— Task directions —
What is needed is a faithful transcription of all the data below, pictures excluded.

— Given material —
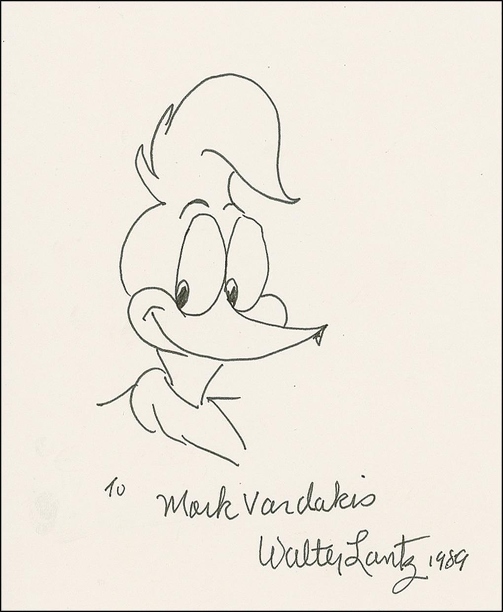 Original signed and inscribed ink sketch of Woody Woodpecker on an off-white 5 x 6 card, signed and inscribed at the bottom, “To Mark Vardakis, Walter Lantz 1989.” In very fine condition.
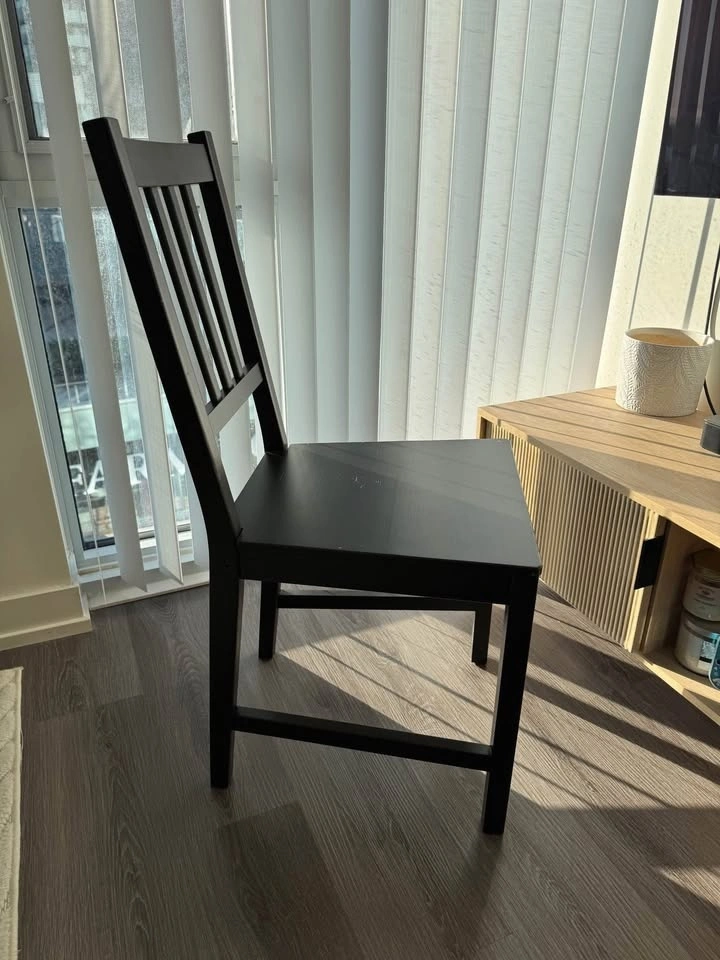 Selling 1 IKEA Stefan chair. It has a small dent on the seat (see picture), but it’s still sturdy and fully usable. Simple, lightweight, and great for dining, desk use, or as an extra chair.
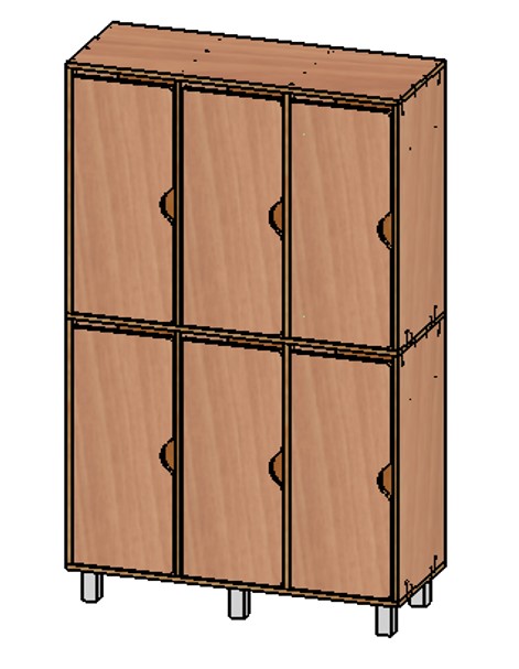 Шкаф выполнен из ЛДСП 16мм с кромкой ПВХ 0,4мм. Металлическая опора, 6 отделений.

— Answer space —
 Original signed and inscribed ink sketch of Woody Woodpecker on an off-white 5 x 6 card, signed and inscribed at the bottom, “To Mark Vardakis, Walter Lantz 1989.” In very fine condition.
 Selling 1 IKEA Stefan chair. It has a small dent on the seat (see picture), but it’s still sturdy and fully usable. Simple, lightweight, and great for dining, desk use, or as an extra chair.
 Шкаф выполнен из ЛДСП 16мм с кромкой ПВХ 0,4мм. Металлическая опора, 6 отделений.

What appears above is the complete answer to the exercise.